If we use (Trim/LBP)=(GG1/GML) then could we write GML=GG1/(Trim/LBP) = GG1*LBP/Trim? With this relation and if we know GG1 provided a center of mass equation, could you write Moment needed to change Trim by 1 unit (MCTC) = W * (GG1 * LBP/Trim) / * LBP This is assuming the trim is 1/100th of LBP
If B shifts from B to B1 how come when we move cargo from forward to aft the AP to B distance before shift from h. tables and then again AP to B1 are exactly the same since LCB distance is same for same displacement? In your image distance from AP to G1 is larger then AP to B1, that makes trim lever forward not aft? How do you calculate BB1 longitudinal shift? You have seen the problem your self when you drag the green arow to B1, if you placed it correctly it would be left from G1 and that would make ship trim forward. ???
I understood that, if we load above G , then G will not move longitudinally, and therefore no trimming moments will take place, and trim will remain the same. and if we load above C.F, which is not vertically above G will do the same, i.e the trim will not change. now the question is, Is loading above G will not affect the trim as the same effect as loading above C.F? thanks.
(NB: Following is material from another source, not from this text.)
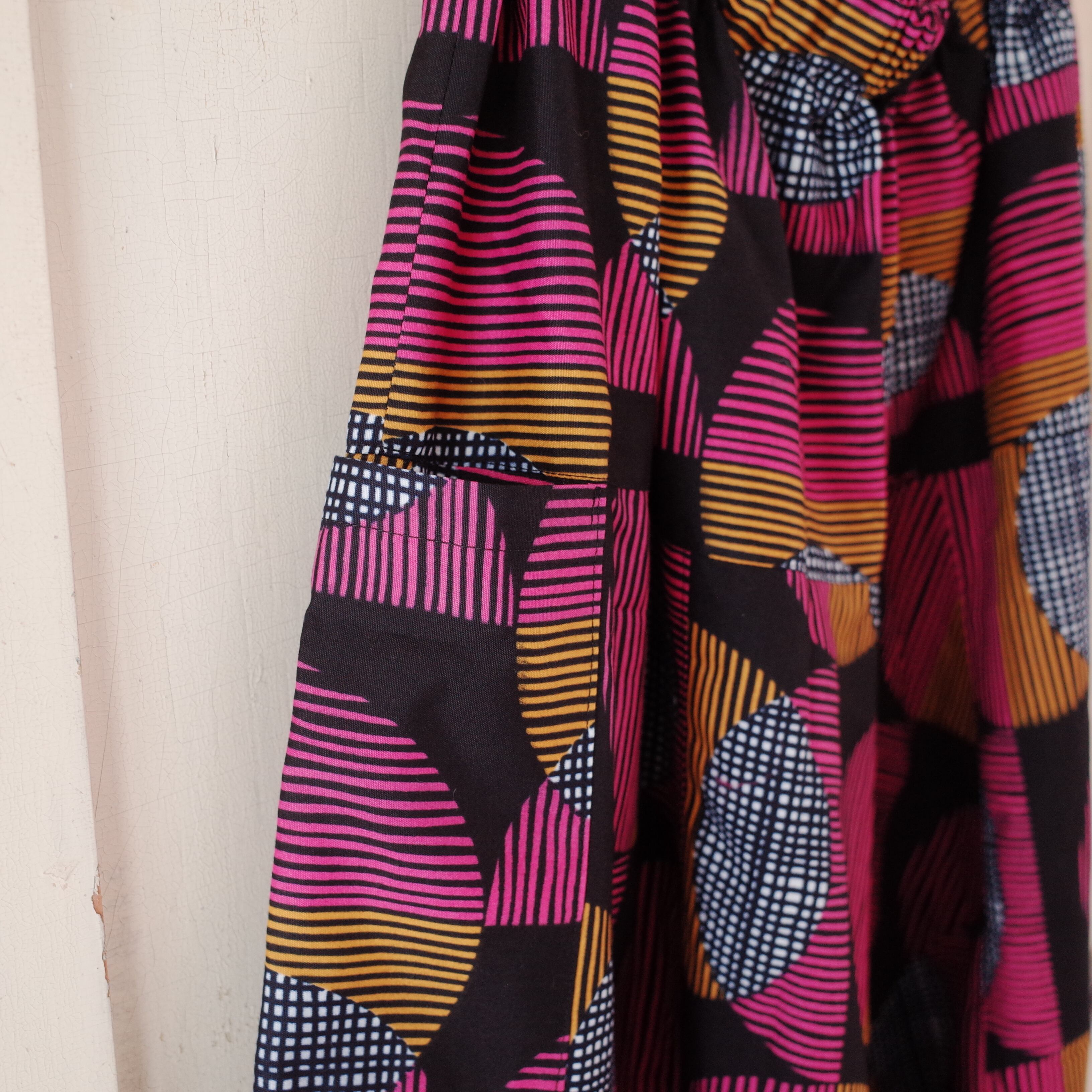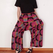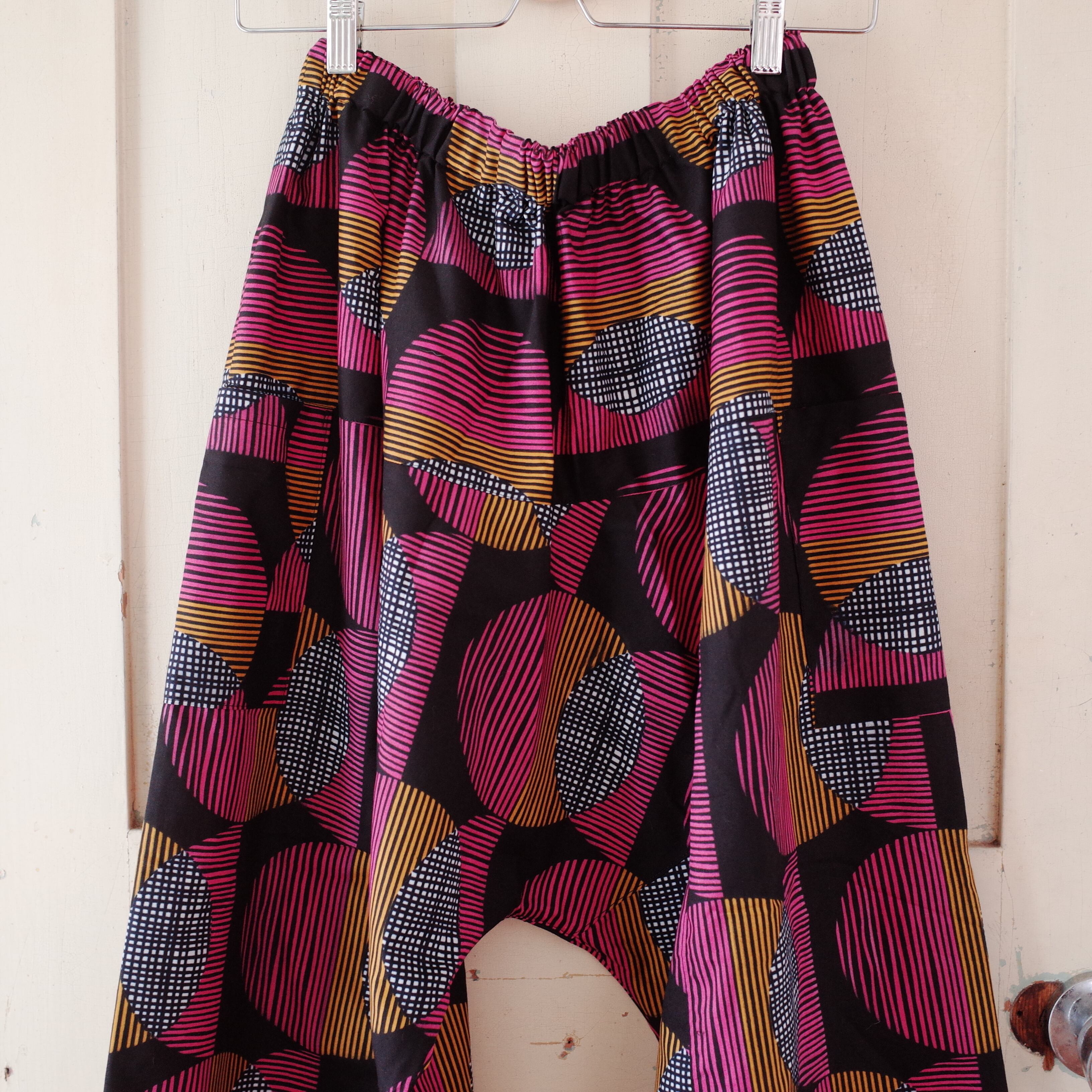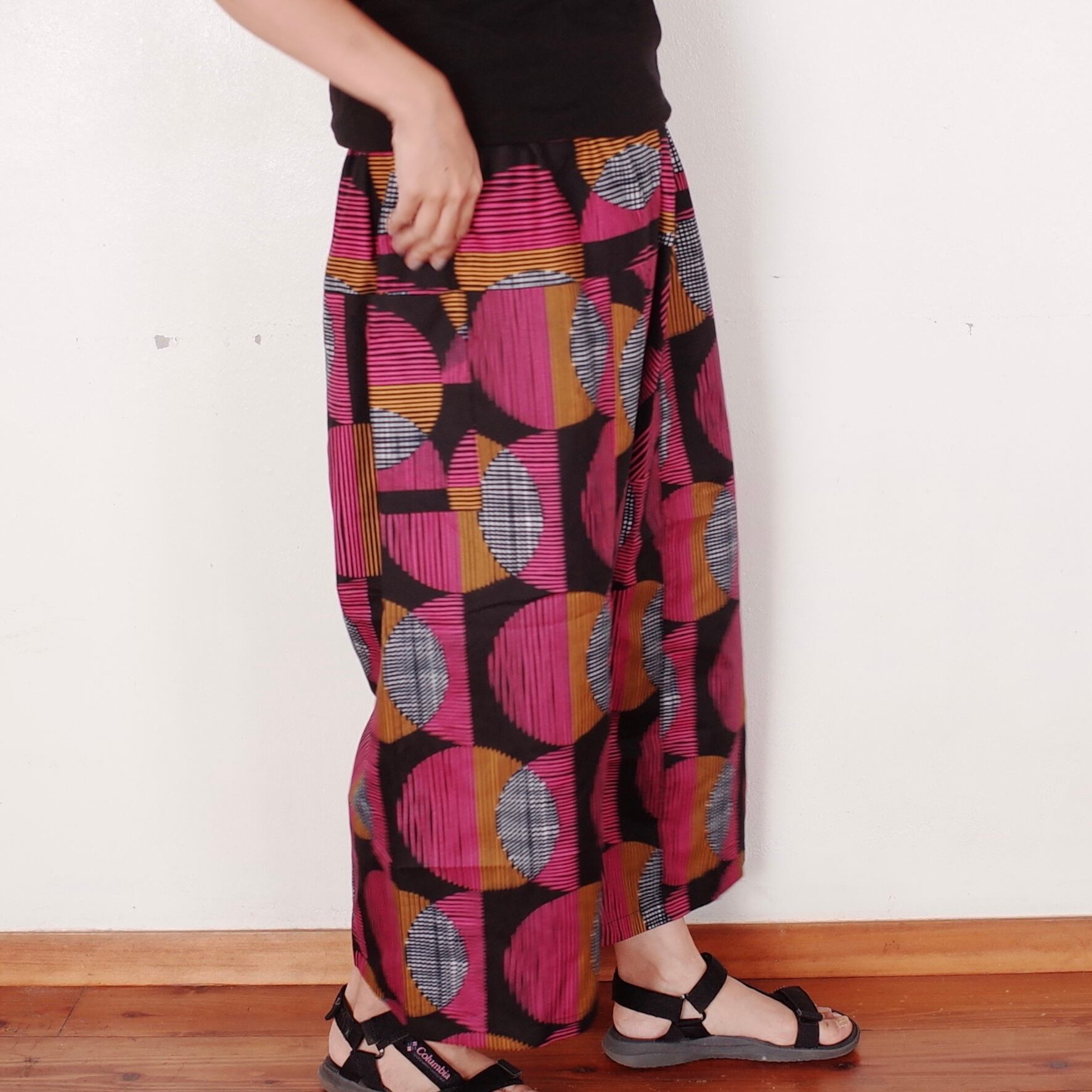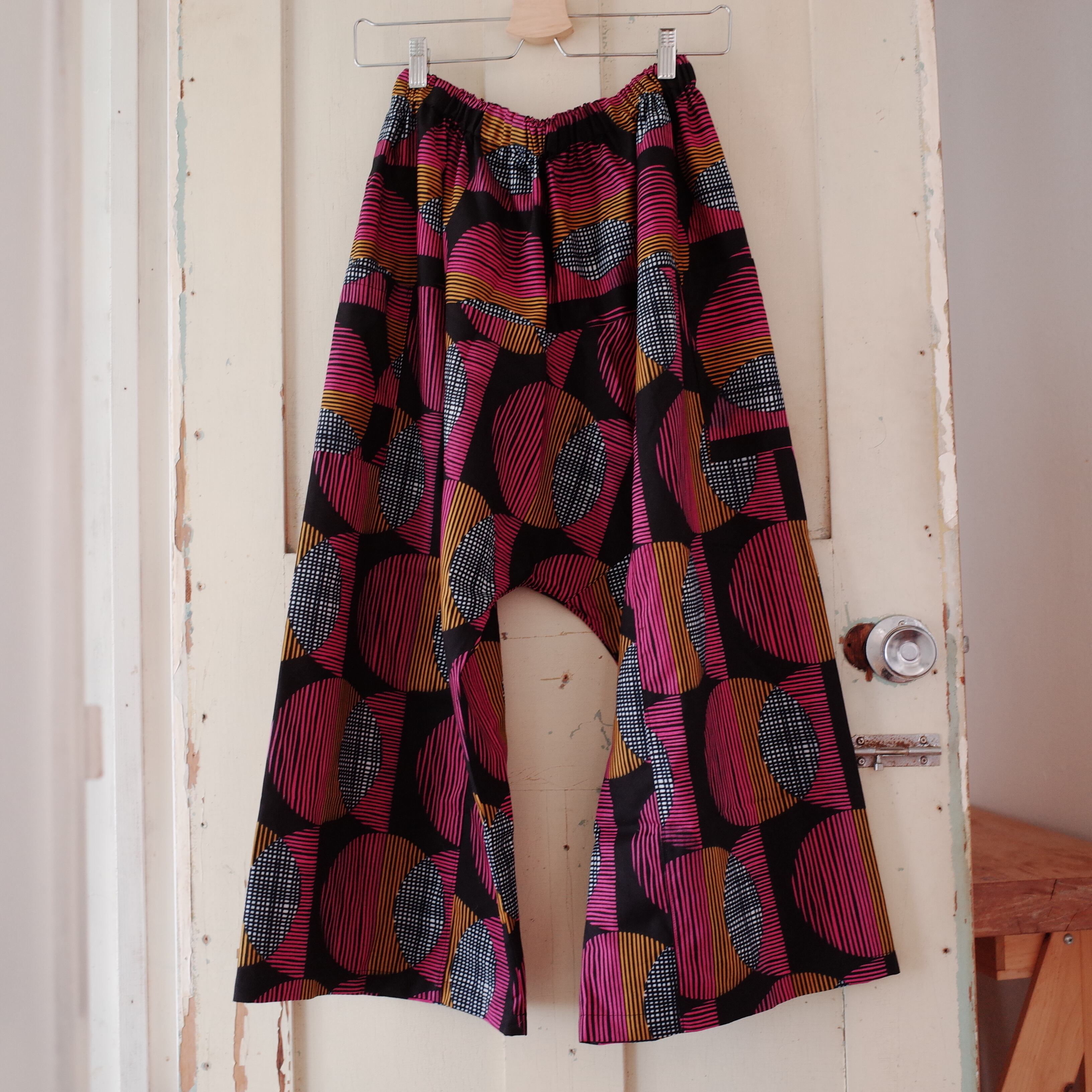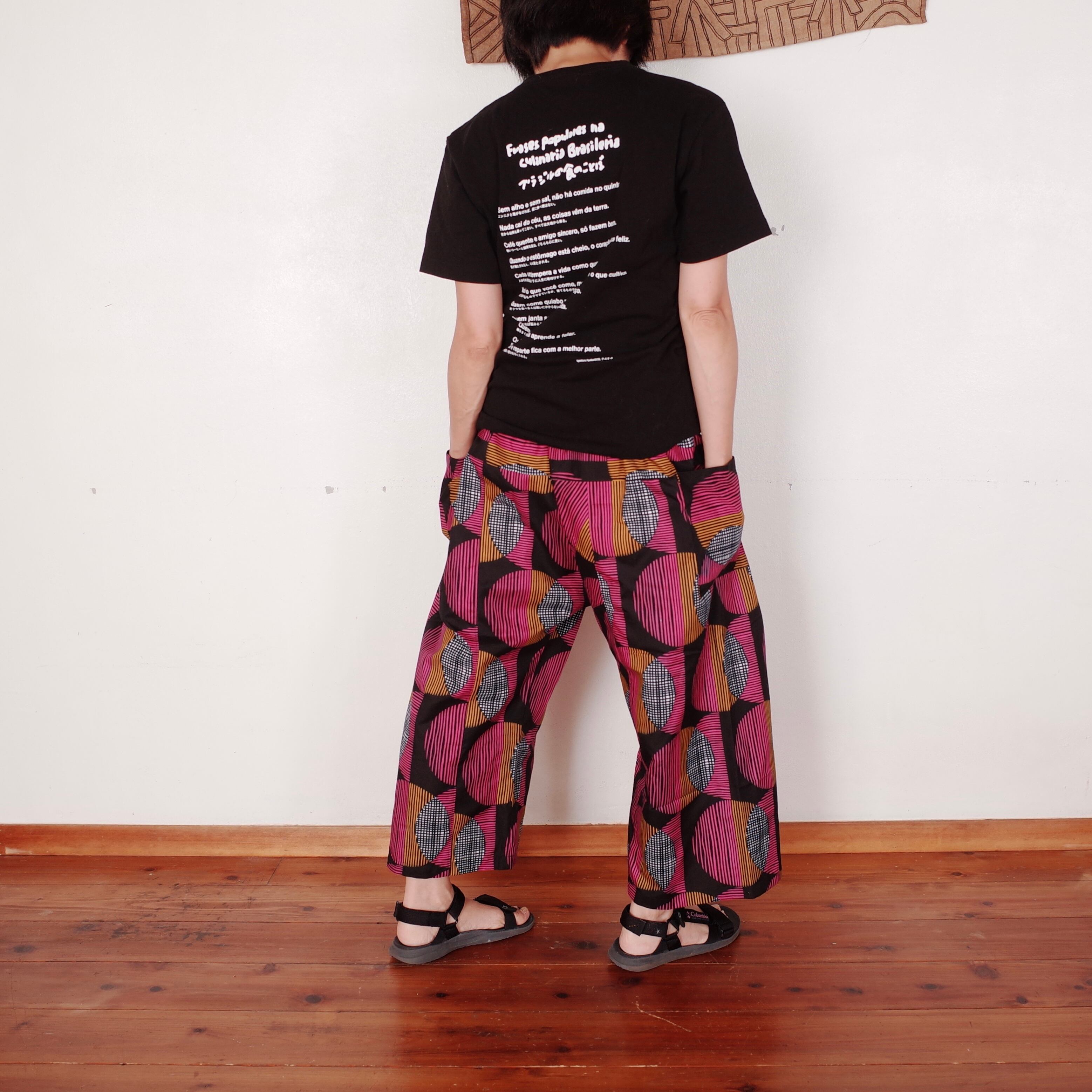 ザンビアのチテンゲ生地のパンツです。生地は現地でセレクトしました。タイパンツ風のパターンを少し調整して着回しよく着られるようにしました。dafa rafetとはセネガルのウォロフ語で「かわいい」という意味です。あらゆる年代のあらゆる体型の方がかわいく着られるカタチを目指しました。太めのウエストゴムはぐるりと一周、前後で同じパターンとなります。両サイドにポケット付です。

If the ship is box shaped where COF and COG will lie in the same line , it will not make any difference .However for normal ship shape COG and COF are different, hence loading at COF will not result in trim but loading at COG will result in some trim. FYI COF is the geometrical center of water plane area where ship trims and COG is the point where total weight of ship is assumed to be acting vertically downward.